▶ Supplied material:

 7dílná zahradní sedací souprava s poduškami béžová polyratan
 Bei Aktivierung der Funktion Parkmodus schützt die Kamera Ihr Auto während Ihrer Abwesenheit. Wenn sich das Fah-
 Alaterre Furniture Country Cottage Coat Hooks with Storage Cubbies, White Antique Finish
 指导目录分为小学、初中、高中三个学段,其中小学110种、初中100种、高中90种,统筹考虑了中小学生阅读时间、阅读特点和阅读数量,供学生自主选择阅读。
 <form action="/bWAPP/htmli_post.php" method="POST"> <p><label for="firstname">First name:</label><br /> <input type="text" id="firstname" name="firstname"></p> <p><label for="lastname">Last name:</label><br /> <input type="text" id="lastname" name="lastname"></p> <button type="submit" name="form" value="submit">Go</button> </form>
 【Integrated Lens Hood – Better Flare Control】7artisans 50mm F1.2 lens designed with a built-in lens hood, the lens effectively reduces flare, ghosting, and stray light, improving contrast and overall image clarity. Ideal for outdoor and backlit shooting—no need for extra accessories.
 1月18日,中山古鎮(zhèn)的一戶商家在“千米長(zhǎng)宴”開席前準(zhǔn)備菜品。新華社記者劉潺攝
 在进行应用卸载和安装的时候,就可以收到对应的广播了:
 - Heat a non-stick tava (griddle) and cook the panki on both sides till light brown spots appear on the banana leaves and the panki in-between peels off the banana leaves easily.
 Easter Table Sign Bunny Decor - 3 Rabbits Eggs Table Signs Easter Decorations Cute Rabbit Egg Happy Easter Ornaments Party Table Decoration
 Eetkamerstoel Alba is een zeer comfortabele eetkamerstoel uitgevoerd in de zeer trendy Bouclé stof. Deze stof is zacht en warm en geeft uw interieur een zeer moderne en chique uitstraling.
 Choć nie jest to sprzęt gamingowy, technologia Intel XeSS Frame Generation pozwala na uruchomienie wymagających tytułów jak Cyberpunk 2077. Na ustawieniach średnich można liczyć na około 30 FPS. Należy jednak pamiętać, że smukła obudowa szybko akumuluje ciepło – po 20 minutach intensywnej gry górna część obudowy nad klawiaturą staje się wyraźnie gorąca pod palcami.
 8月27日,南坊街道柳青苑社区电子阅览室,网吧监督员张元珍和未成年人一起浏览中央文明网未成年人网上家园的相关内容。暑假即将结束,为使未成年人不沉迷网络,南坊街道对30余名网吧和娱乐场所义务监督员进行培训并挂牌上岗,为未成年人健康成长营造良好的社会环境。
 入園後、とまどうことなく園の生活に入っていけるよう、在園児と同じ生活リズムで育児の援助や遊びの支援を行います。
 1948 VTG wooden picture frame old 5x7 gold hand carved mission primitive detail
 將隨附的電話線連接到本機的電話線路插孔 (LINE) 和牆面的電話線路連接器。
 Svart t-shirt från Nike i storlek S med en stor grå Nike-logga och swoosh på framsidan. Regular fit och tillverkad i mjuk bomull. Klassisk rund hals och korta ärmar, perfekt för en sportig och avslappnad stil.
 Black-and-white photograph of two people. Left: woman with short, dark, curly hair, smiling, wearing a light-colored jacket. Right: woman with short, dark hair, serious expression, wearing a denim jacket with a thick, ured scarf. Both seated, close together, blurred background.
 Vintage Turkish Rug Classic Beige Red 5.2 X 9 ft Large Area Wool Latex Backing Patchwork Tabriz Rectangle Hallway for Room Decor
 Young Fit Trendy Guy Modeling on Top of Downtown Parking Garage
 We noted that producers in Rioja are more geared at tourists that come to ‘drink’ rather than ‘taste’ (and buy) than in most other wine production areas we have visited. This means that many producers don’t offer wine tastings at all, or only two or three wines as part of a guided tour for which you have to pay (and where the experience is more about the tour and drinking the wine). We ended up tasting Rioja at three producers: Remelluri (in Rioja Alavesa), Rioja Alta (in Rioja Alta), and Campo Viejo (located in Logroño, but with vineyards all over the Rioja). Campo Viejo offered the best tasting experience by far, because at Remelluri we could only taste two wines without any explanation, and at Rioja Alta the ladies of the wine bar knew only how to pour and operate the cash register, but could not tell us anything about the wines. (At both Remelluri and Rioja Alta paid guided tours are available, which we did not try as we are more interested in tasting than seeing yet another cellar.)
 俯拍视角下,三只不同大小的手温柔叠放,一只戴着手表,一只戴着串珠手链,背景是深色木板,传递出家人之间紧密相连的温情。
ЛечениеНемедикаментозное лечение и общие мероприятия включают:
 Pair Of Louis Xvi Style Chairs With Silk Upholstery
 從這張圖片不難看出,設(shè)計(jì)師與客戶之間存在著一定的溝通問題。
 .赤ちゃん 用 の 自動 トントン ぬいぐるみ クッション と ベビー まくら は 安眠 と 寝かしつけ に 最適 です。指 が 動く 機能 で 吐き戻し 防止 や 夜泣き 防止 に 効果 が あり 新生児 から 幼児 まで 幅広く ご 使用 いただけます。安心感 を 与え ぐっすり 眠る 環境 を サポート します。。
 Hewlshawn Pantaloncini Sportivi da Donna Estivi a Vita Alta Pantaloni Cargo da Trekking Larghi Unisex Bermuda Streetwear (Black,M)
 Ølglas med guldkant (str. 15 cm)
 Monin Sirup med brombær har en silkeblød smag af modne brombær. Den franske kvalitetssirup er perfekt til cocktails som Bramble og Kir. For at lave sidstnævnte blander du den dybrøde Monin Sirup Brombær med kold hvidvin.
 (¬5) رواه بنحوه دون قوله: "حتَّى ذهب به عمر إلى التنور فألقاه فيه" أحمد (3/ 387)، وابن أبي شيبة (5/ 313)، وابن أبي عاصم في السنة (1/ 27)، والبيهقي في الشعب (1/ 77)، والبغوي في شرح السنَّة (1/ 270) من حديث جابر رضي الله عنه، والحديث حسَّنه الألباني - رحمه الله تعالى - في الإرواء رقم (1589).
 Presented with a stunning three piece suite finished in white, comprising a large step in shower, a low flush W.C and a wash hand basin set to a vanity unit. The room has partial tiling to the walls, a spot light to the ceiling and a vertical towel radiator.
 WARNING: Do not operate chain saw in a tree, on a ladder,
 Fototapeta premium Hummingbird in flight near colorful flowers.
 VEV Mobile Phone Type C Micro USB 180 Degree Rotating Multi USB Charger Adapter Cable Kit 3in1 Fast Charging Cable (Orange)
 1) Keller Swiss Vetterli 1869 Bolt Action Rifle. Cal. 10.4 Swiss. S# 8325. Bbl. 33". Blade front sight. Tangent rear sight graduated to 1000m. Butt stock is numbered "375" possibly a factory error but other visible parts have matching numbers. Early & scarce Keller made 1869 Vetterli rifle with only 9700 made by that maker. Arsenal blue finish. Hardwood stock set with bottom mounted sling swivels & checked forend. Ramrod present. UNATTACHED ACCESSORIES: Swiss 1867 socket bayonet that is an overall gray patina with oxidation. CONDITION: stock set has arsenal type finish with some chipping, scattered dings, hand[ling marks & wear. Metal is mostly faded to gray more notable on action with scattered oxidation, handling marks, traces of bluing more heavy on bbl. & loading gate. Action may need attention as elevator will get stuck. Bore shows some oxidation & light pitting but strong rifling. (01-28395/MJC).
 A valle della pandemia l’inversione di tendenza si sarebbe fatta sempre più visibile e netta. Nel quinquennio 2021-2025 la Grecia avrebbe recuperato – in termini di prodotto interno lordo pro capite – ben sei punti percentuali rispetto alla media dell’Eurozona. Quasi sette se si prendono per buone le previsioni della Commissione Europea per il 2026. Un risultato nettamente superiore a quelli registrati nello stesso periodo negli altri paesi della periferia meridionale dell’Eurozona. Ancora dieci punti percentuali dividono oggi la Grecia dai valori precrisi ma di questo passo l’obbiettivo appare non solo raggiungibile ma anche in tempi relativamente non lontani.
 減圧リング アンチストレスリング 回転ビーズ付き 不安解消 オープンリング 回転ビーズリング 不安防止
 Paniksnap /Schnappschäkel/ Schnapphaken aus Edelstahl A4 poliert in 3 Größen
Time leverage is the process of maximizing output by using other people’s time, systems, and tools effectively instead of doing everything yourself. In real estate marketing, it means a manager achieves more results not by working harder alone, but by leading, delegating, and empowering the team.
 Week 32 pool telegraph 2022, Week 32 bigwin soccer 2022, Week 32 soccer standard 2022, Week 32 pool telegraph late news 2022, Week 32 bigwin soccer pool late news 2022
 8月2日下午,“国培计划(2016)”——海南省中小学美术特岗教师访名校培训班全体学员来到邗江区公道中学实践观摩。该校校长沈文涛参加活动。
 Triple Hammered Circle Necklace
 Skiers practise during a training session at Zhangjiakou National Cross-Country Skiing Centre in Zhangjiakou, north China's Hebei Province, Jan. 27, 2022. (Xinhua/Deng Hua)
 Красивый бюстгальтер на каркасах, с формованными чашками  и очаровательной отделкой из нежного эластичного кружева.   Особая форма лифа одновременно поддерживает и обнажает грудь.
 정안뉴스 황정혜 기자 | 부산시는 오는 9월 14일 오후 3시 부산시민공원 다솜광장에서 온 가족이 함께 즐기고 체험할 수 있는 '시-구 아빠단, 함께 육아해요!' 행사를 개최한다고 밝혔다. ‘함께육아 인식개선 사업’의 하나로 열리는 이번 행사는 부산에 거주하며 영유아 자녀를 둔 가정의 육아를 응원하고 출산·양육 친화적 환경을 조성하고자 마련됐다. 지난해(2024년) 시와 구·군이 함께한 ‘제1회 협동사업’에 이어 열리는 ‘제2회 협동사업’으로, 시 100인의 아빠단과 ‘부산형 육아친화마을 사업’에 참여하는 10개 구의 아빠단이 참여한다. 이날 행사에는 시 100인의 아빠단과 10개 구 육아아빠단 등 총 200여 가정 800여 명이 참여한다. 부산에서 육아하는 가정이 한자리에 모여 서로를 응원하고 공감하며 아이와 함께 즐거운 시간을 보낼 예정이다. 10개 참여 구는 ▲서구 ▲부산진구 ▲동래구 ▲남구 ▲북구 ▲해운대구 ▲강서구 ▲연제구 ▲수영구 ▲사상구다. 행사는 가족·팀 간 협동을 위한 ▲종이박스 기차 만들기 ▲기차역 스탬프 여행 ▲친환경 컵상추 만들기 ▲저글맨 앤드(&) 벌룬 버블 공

▶ Task item: If a line in the data above holds the string "Country", copy it.

▶ Response area:
 Alaterre Furniture Country Cottage Coat Hooks with Storage Cubbies, White Antique Finish
 Skiers practise during a training session at Zhangjiakou National Cross-Country Skiing Centre in Zhangjiakou, north China's Hebei Province, Jan. 27, 2022. (Xinhua/Deng Hua)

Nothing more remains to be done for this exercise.